汪童元坐在沙发上,看得津津有味,甚至因为这种高级的精神施虐而兴奋得连连喝彩。
他完全被阿诚这种“不染指却能彻底摧毁一个人”的手腕折服了。
而苏媚,在这个戴着面具的恶魔的一次次逼问下,眼神里的最后一点光芒,彻底熄灭了。
她以为黄向平之前带来的面具男已经是地狱,却没想到,眼前这个连碰都不屑碰她的面具男人,用几句话,就将她的灵魂彻底打入了万劫不复的深渊。
她陷入了深深的、彻底的绝望之中。
阿诚站在她身后,面具之下的那张脸,早已经布满了纵横交错的泪痕。
他在心里无声地泣血:媚儿,对不起。再忍忍。等地狱的门关上之前,我会亲自带你出去。
大理石的寒气顺着苏媚毫无防备的膝盖一丝丝地向上攀爬。
在落地大镜子前跪了不到十分钟,她原本光洁白皙的膝盖处已经被坚硬的地砖硌出了一片刺目的红血丝,甚至因为轻微的摩擦而硌出了红印。
她的身体因为羞耻和恐慌而不受控制地微微发抖,连带着脖子上的银色链条也发出细碎的响声。
阿诚站在她身后,面具下的目光看似冷漠地审视着镜子里的倒影,视线却死死定格在她微微渗血的膝盖上。
面具之下,他的后槽牙咬得死紧,心口像是被一团浸水的海绵堵住,闷痛得无法呼吸。
他不能让苏媚继续在这冰冷的硬地上跪下去,哪怕多一秒钟,对他来说都是一种灵魂的凌迟。
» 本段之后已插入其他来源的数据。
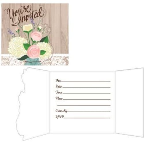 rústico desdobrável convites de casamento. Um pacote de 8 rústico convites de casamento capa dupla com 8 envelopes brancos. Cada convite tem linhas impresso dentro para, data, hora, local, dado por, e RSVP. Convites mede 3 1/2 polegadas x 5 polegadas.
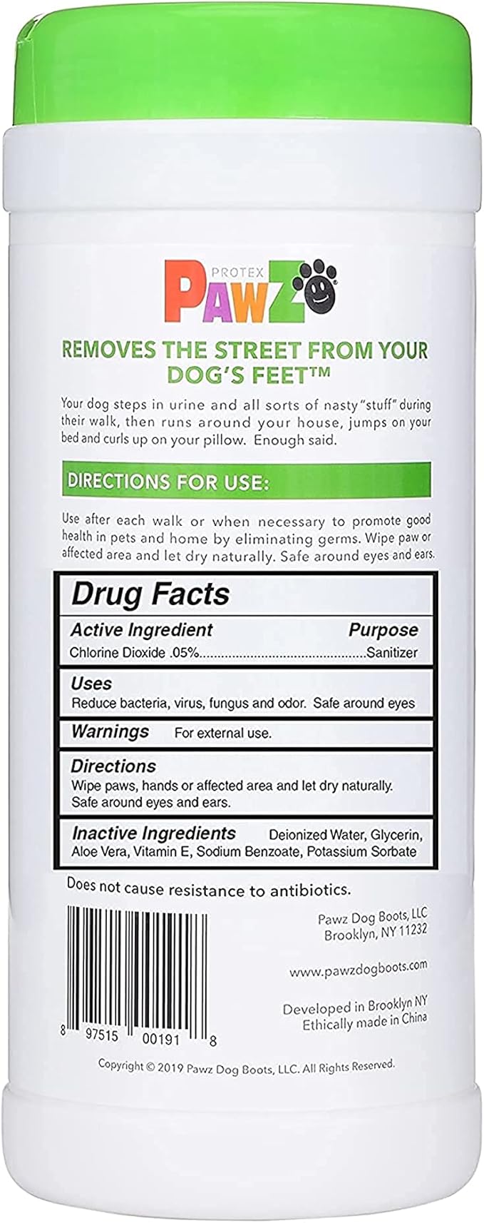 PAWZ Protex SaniPaw Odor Eliminating Dog Paw Wipes (60 Wipes) Cleansing Dog Grooming Wipes, Simple & Safe Lickable Ingredients - Paw Cleaner for Dogs, Pet Wipes
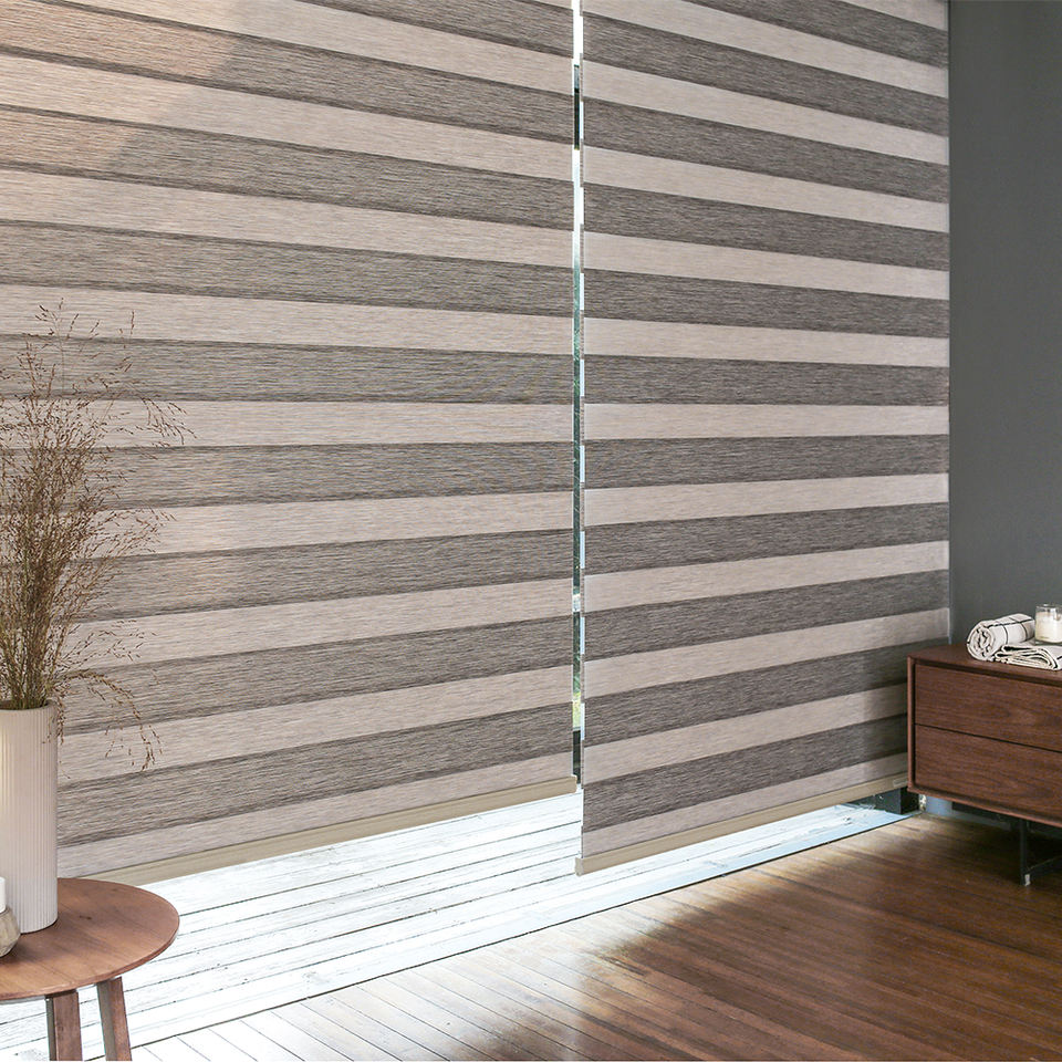 ม่านม้วนลายไม้แบบกำหนดเอง ม่านปรับแสงกลางวันกลางคืนแบบอัตโนมัติ ม่านหน้าต่างสไตล์เกาหลี ม่านม้วนทันสมัยสำหรับบ้าน
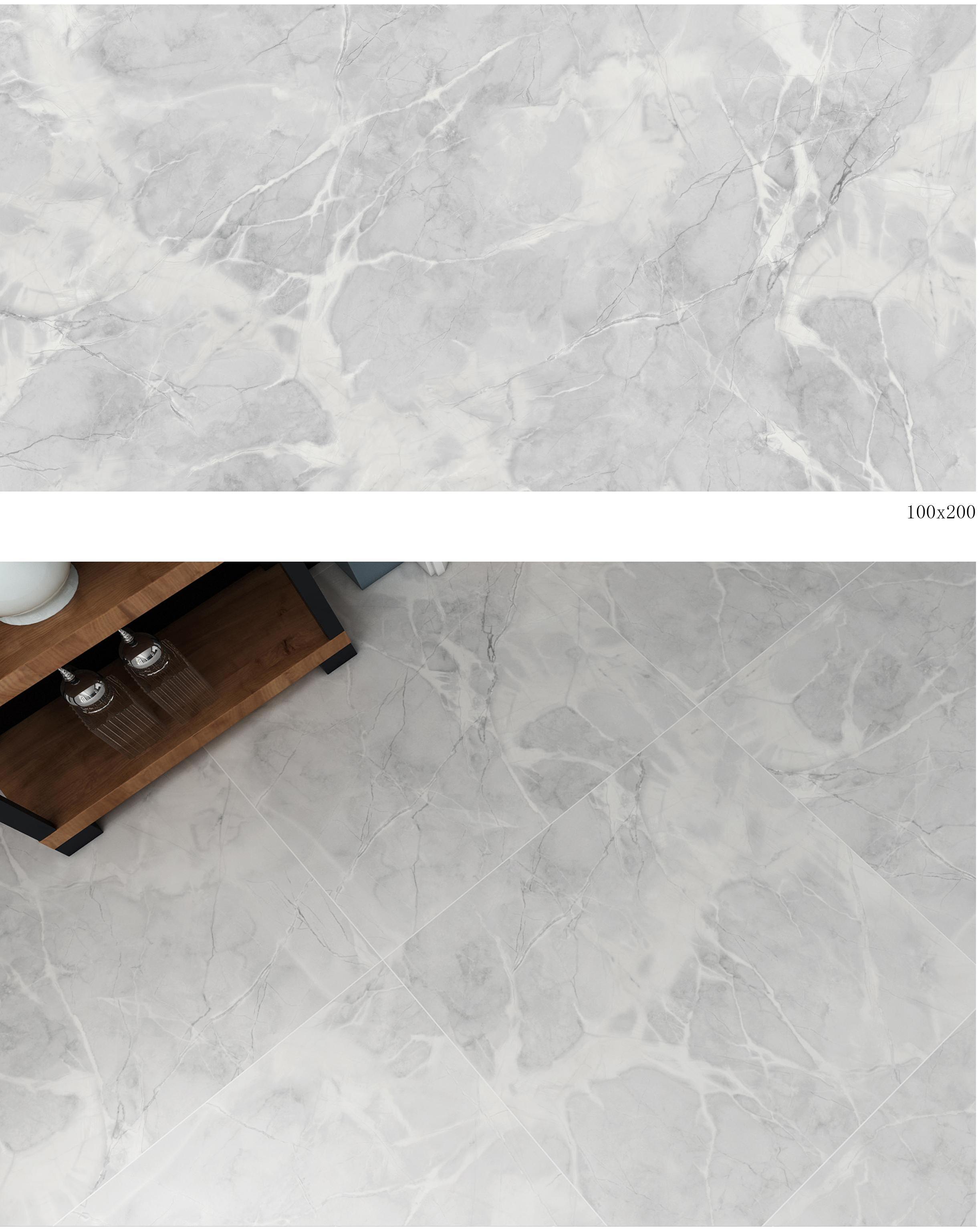 These light grey marble - look tiles come in two sizes, 100x200mm and 800x800mm, from the Light Grey Marble Elegance series. Featuring natural marble - like veins, they bring an elegant and sophisticated aesthetic to various interior spaces such as living rooms, bedrooms, and kitchens. With their versatile sizing and soft light grey hue, these tiles are perfect for creating a cohesive and stylish look in any interior design project, adding a touch of understated luxury and refinement.

阿诚收回短鞭,脚尖看似随意地一挑,将旁边单人沙发前那个厚实、柔软的墨绿色丝绒脚垫勾了过来,精准地踢到了苏媚的双膝前方。
坐在沙发上的汪童元愣了一下,有些不解地挑起眉毛。
“汪少,这样跪在地砖上,不仅动作放不开,而且破坏了腰臀之间那道完美的抛物线。”阿诚没有回头,只是用短鞭的金属手柄点了点那个丝绒垫子,沙哑的声音里透着一股不容置疑的专业与挑剔,“高级的艺术品,需要完美的底座来衬托。跪上去,把腰塌下来,臀部自然翘起。”
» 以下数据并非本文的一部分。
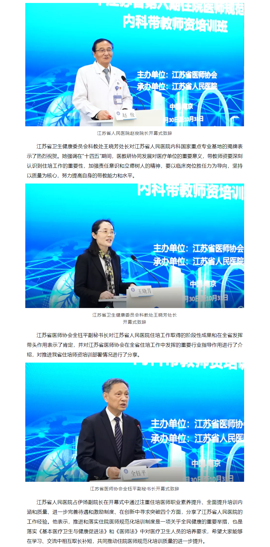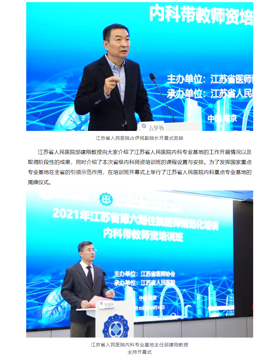 江苏省卫生健康委员会科教处王晓芳处长,江苏省医师协会全钰平副秘书长,江苏省人民医院赵俊院长、占伊扬副院长、教育处朱滨海处长和内科专业基地主任邹建刚教授出席培训班开幕式。赵俊院长、王晓芳处长、全钰平副秘书长、占伊扬副院长分别作了开幕演讲,开幕式由邹建刚教授主持。
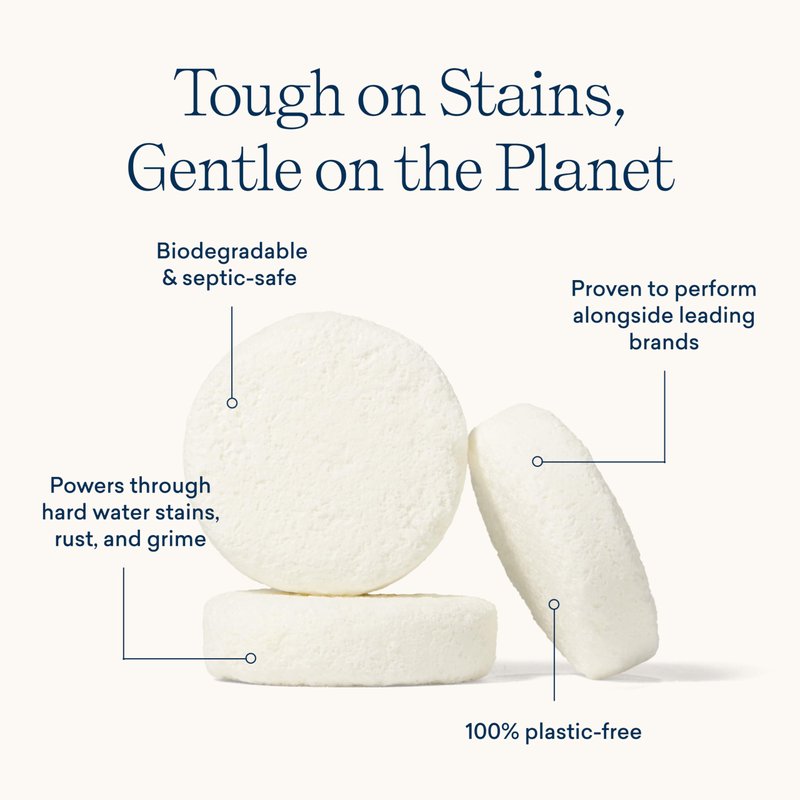 - CLEAN INGREDIENTS. Plant and mineral-based tablet is 100% bio-based, biodegradable and septic-safe. Made without chlorine bleach, hydrochloric acid, no CTAC, no dyes, plastic-free. EPA Safer Choice, Leaping Bunny Cruelty-Free, Vegan, B Corp Certified, Climate Neutral, USDA Bio-Preferred.

汪童元恍然大悟,猛地拍了一下大腿,兴奋地喝彩:“绝了!陈兄确实专业,垫高了之后,这后背的镂空弧度看着简直要命!”
苏媚咬着毫无血色的嘴唇,拖着沉重的身体,膝行了半步,将饱受折磨的双膝挪到了那块柔软厚实的丝绒脚垫上。
膝盖接触到柔软绒面的那一刻,一种久违的、几乎让她想哭的释然感传遍全身。
冰冷和钝痛被隔绝了,她不用再死死咬着牙去忍受大理石的摧残。
她低垂着头,根本不知道,这个在汪童元眼里为了“增加视觉美感”的举动,其实是身后那个面具男人拼尽全力为她争取来的一丝温柔。
“抬头,看镜子。”
阿诚的命令再次响起。
他缓步贴近苏媚的身后,两人之间的距离近到苏媚能感受到他身上传来的那股淡淡的、混合着烟草与某种清冽木质香的味道。
阿诚没有用手触碰她。
他太清楚,自己手指的温度和常年握笔留下的薄茧,有可能会唤醒苏媚记忆深处的熟悉感。
他只能用那根冰冷、光滑的碳纤维短鞭作为延伸。
短鞭的尖端轻轻挑起了苏媚下巴,随后顺着她修长的天鹅颈,缓缓向下滑动。
那是一种充满情趣、令人头皮发麻的挑逗。
光滑的碳纤维材质带着室温的微凉,滑过她精致的锁骨,沿着那件高定礼服深V的边缘,若即若离地描摹着那对饱满雪白的轮廓。
“嗯……”
这种不带任何暴力、却充满侵略性的轻抚,反而比直接的疼痛更让人无所适从。
苏媚的呼吸瞬间变得急促起来,随着短鞭的游走,她白皙的肌肤上泛起了一层细密的战栗,胸前那片雪白在灯光下剧烈地起伏着。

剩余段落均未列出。